In preclinical and clinical studies, adverse effects on prenatal development and congenital abnormalities have been observed during treatment with imatinib, dasatinib and nilotinib [5-11]. Bosutinib is approved for the treatment of newly diagnosed chronic phase Philadelphia chromosome-positive (Ph+) CML, as well as chronic phase, accelerated phase or blast phase Ph+ CML with resistance or intolerance to prior therapy [12,13]. Reproductive toxicity and adverse developmental outcomes have also been reported in preclinical studies of bosutinib [12,13]. However, little is known about the effects of bosutinib during conception or pregnancy in humans [12,13]. The objective of this report is to describe pregnancy outcomes in bosutinib-treated patients.

Methods

Pregnancy cases reported until February 28, 2018, were identified by searching the Pfizer safety database using the standardized Medical Dictionary for Regulatory Activities query ‘Pregnancy and Neonatal Topics’ among patients receiving bosutinib.

The Pfizer safety database contains adverse event reports from patients, healthcare professionals, registries and licensing partners and literature reports for Pfizer’s products.
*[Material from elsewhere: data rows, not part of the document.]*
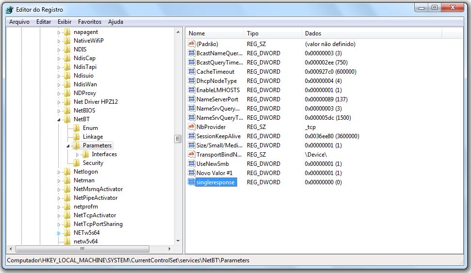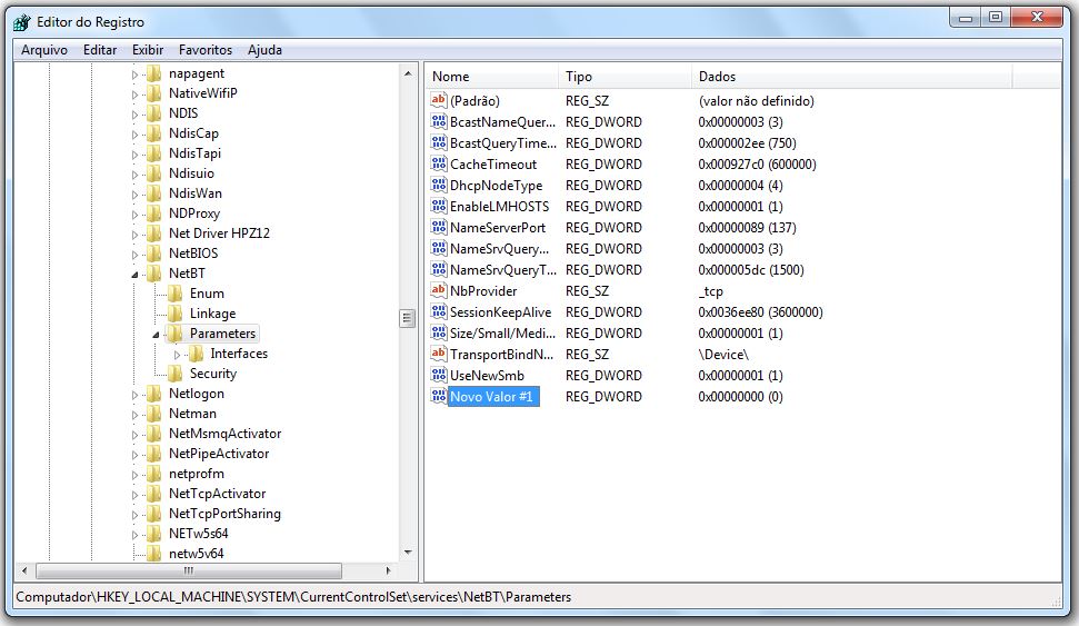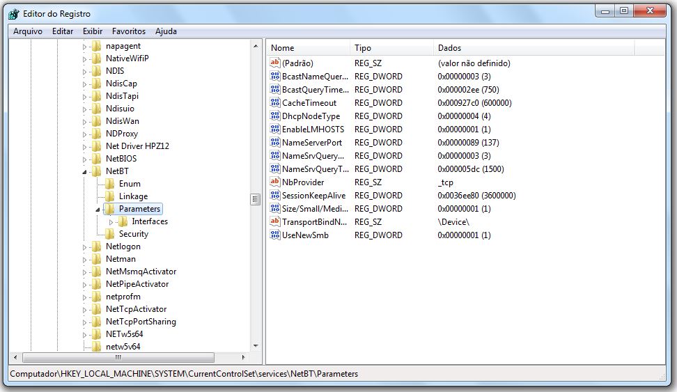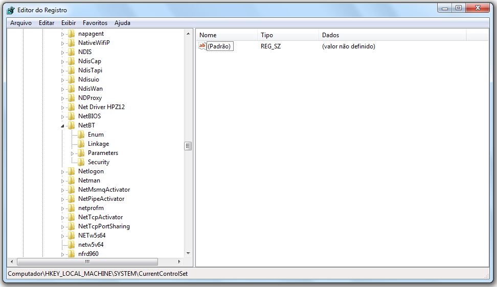 Dentro dessa gama de diretórios que se expandiram, procurar a pasta NetBT e clicar na seta ao lado:
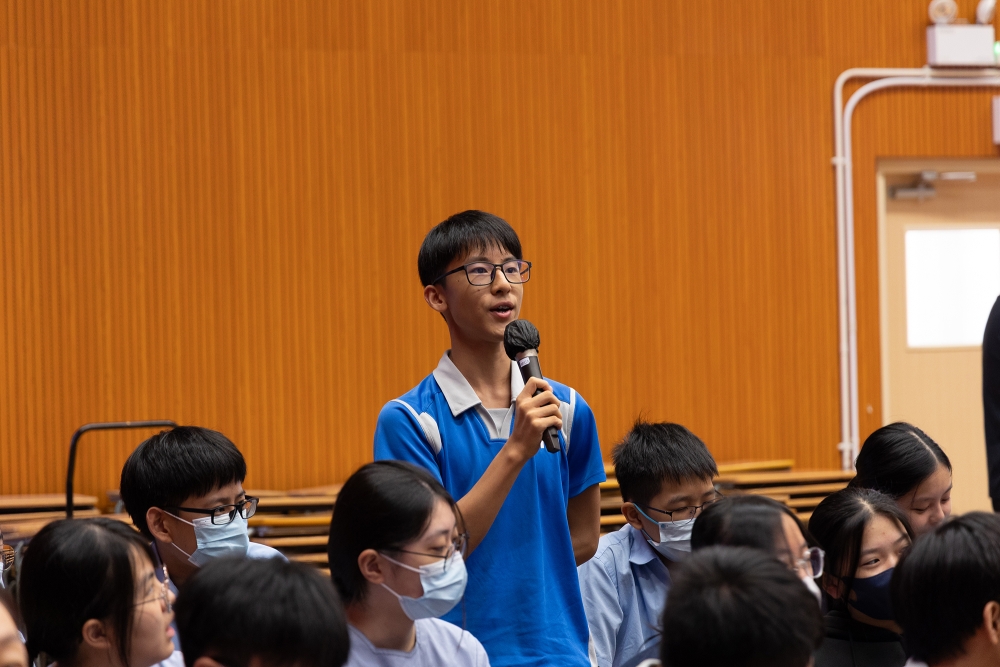Ms Myolie Lau, the Director of Outreach and Education–a charity dedicated to promoting English literacy among the underprivileged students, shared ideas with junior form students on how to build reading habits and select good books to read.
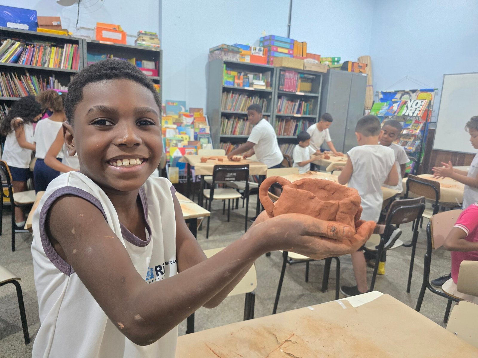Workshop held by Veronica Pinheiro with children from the Escragnolle Dória School, which arose from a partnership between Selvagem and the organisation Agir pour le Vivant. Designed as a moment of sensory experimentation and connection with the living matter of the earth, the activity provided children with a space for creative expression, listening and presence. Through direct contact with clay, participants were able to explore shapes, textures and feelings, awakening their interest in manual work and care for the natural world.
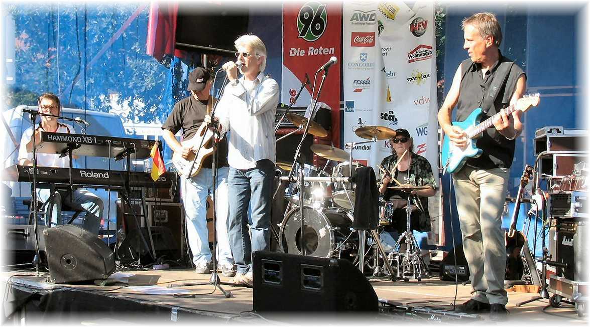 In dieser Band hatten sich 5 „alte Haudegen“ der Rock-, Blues-, und Countrymusik der Region Hannover zusammengetan, um gemeinsam die Stücke zu spielen, die man immer schon mal interpretieren wollte, zu denen man aber aufgrund der jeweiligen Stilrichtung der bisherigen Gruppen nicht kam. Aufgrund der verschiedenen stilistischen Schwerpunkte der einzelnen Musiker bestand das Programm aus einem breiten Spektrum „querbeat“ durch die Rockmusik der vergangenen Jahrzehnte. So wurden Stücke von CREAM, JAMES TAYLOR, GLENN HUGHES, ROBBEN FORD, BEATLES ... nicht nur einfach gecovert, sondern jeweils individuell interpretiert. Die folgenden Bilder stammen aus dem vorhergehenden LineUp mit Fergus Holmes - voc |
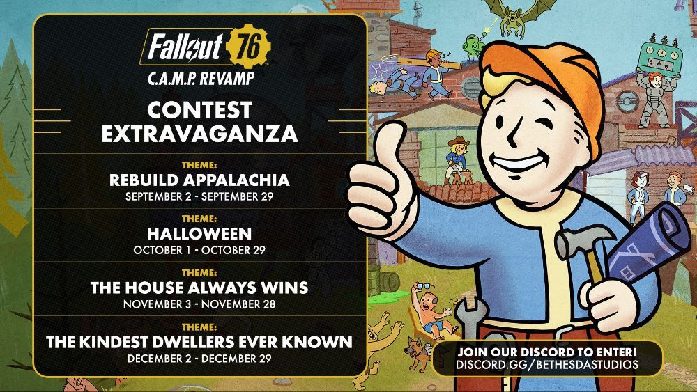 Desde el lanzamiento de la renovación completa de los C.A.M.P.s con la Temporada 22: “A la Moda en Appalachia”, se realizan concursos mensuales. El menú de construcción fue rediseñado para una navegación más clara y se eliminaron varias restricciones para permitir construcciones más creativas.
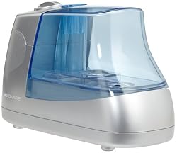 Designed for small-size rooms, this personal humidifier eliminates harsh, dry air and keeps the room at a comfortable humidity level. It uses an ultrasonic transducer to produce a visible mist, which helps relieve symptoms of dry skin, chapped lips, and sinus problems commonly associated with a dry environment. The humidifier's water tank removes easily for convenient filling and a full tank allows for up to 10 hours of operation. Other thoughtful details include an illuminated LED light for nighttime visibility and a compact size that makes it simple to transport from room to room. The UL-listed ultrasonic humidifier measures 11-2/5 by 6 by 8 inches and carries a one-year warranty.
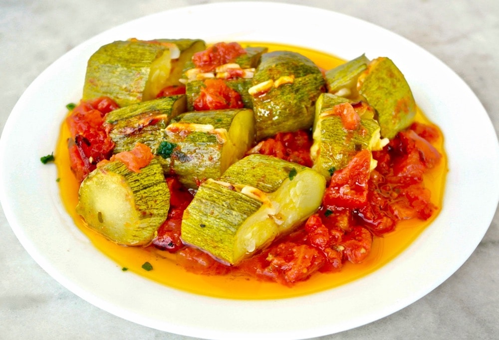Roasted Zucchini with Garlic and Tomato-A Recipe from Crete
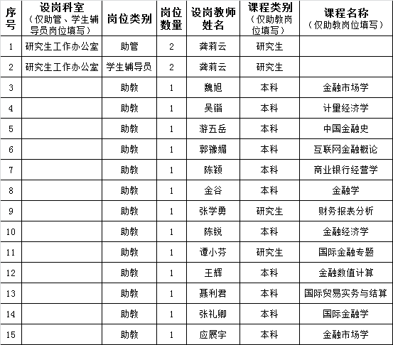 2020-2021学年第二学期“三助一辅”公司设岗情况

The database contains serious adverse event reports and pregnancy reports from investigational studies and nonresearch postmarketing studies, regardless of causality.

For each case, all available information was collected, as was any follow-up information received, and included age, sex (maternal or paternal exposure), bosutinib dose, concomitant treatments and pregnancy outcomes. As part of routine pharmacovigilance, pregnancy reports are followed-up prospectively until the pregnancy outcome is known, using an ‘Exposure During Pregnancy Follow-up Questionnaire’. The form requested details such as estimated date of conception; gestation at the time of exposure; relevant family history; exposure to relevant medical, environmental or occupational products; obstetrical history (e.g., previous pregnancies and their outcome); date of birth; pregnancy outcomes; and details on the infant (e.g., any abnormalities, sex, weight and length). Therapy duration was calculated based on the start and stop dates for treatment. The relatedness of events to bosutinib was determined by the healthcare provider.

Results

As of February 28, 2018, a total of 33 pregnancies were identified in patients receiving bosutinib, including 16 with maternal and 17 with paternal exposure (Figure 1). In 24 instances, the outcome of the pregnancy was known from the reports, of which 20 were from clinical trials; for the other nine cases, the outcome was unknown.

Figure 1.

Pfizer safety database pregnancy cases of bosutinib exposure via (A)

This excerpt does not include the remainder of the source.